◆ WHAT YOU ARE ASKED TO DO
Should any entry include an image, skip the image and copy the entry exactly.

==== LISTED ENTRIES ====

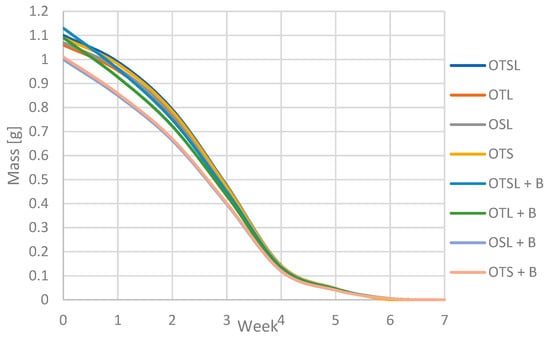 All types of the produced packaging samples were subjected to the biodegradation process. The samples were placed in the ground and in the pot and then exposed to the outside to reproduce various weather conditions. Every week, the samples were weighed after prior cleaning and stabilization of the weight in the exicator to drain humidity. After weighing, the test was replaced in the ground and staged outside. Weather conditions were 20–35 °C and moderate rain 6 times per month. The analysis was made for packaging after baking and after 8 weeks of storage. The samples after baking, which were biodegradable within 4 weeks, had reduced their weight by 80%. The products with beeswax coating were the most biodegradable. This may be due to the faster breakdown of beeswax compared to olive pomace. During the further degradation of the samples, those without beeswax degraded by 100%, while those with the beeswax coating by about 90%. The samples with the powder coating degraded completely by week 7. The result of the decrease in masses and the biodegradation process is shown in Figure 3 and Figure 4.
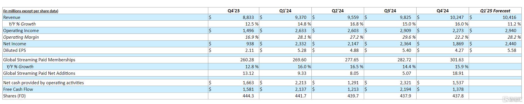 纵观2024年,奈飞整体营收增长强劲,净利润大幅提升。
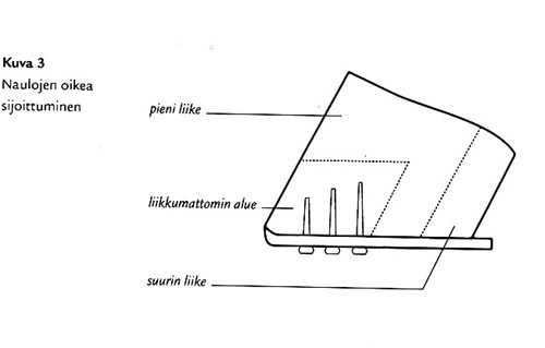 Naulojen sijoittelussa on eri koulukuntia. ELL Timo Kristolan mielestä kuvan mukaisesti naulatut naulat ovat oikealla alueella mutta korkein naulan ote pitäisi olla ensimmäisellä naulalla. |
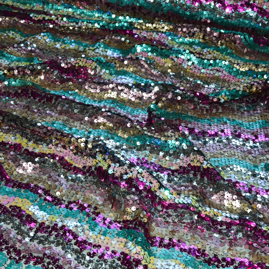 Разноцветные пайетки расположены горизонтальными неширокими "волнами" по всему полотну.
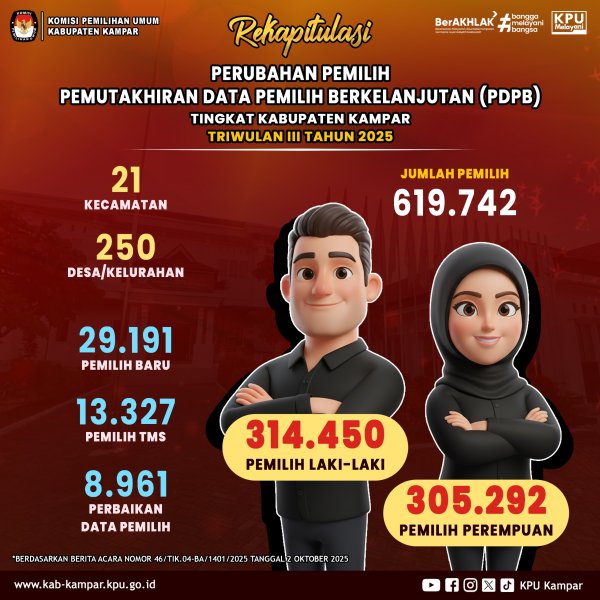 Berikut disampaikan KEPUTUSAN KPU KABUPATEN KAMPAR NO. 19 TAHUN 2025 TENTANG PENETAPAN REKAPITULASI DATA PEMILIH BERKELANJUTAN KABUPATEN KAMPAR TWIRULAN III 2025.

====

◆ ANSWER FOR THIS EXERCISE
 All types of the produced packaging samples were subjected to the biodegradation process. The samples were placed in the ground and in the pot and then exposed to the outside to reproduce various weather conditions. Every week, the samples were weighed after prior cleaning and stabilization of the weight in the exicator to drain humidity. After weighing, the test was replaced in the ground and staged outside. Weather conditions were 20–35 °C and moderate rain 6 times per month. The analysis was made for packaging after baking and after 8 weeks of storage. The samples after baking, which were biodegradable within 4 weeks, had reduced their weight by 80%. The products with beeswax coating were the most biodegradable. This may be due to the faster breakdown of beeswax compared to olive pomace. During the further degradation of the samples, those without beeswax degraded by 100%, while those with the beeswax coating by about 90%. The samples with the powder coating degraded completely by week 7. The result of the decrease in masses and the biodegradation process is shown in Figure 3 and Figure 4.
 纵观2024年,奈飞整体营收增长强劲,净利润大幅提升。
 Naulojen sijoittelussa on eri koulukuntia. ELL Timo Kristolan mielestä kuvan mukaisesti naulatut naulat ovat oikealla alueella mutta korkein naulan ote pitäisi olla ensimmäisellä naulalla. |
 Разноцветные пайетки расположены горизонтальными неширокими "волнами" по всему полотну.
 Berikut disampaikan KEPUTUSAN KPU KABUPATEN KAMPAR NO. 19 TAHUN 2025 TENTANG PENETAPAN REKAPITULASI DATA PEMILIH BERKELANJUTAN KABUPATEN KAMPAR TWIRULAN III 2025.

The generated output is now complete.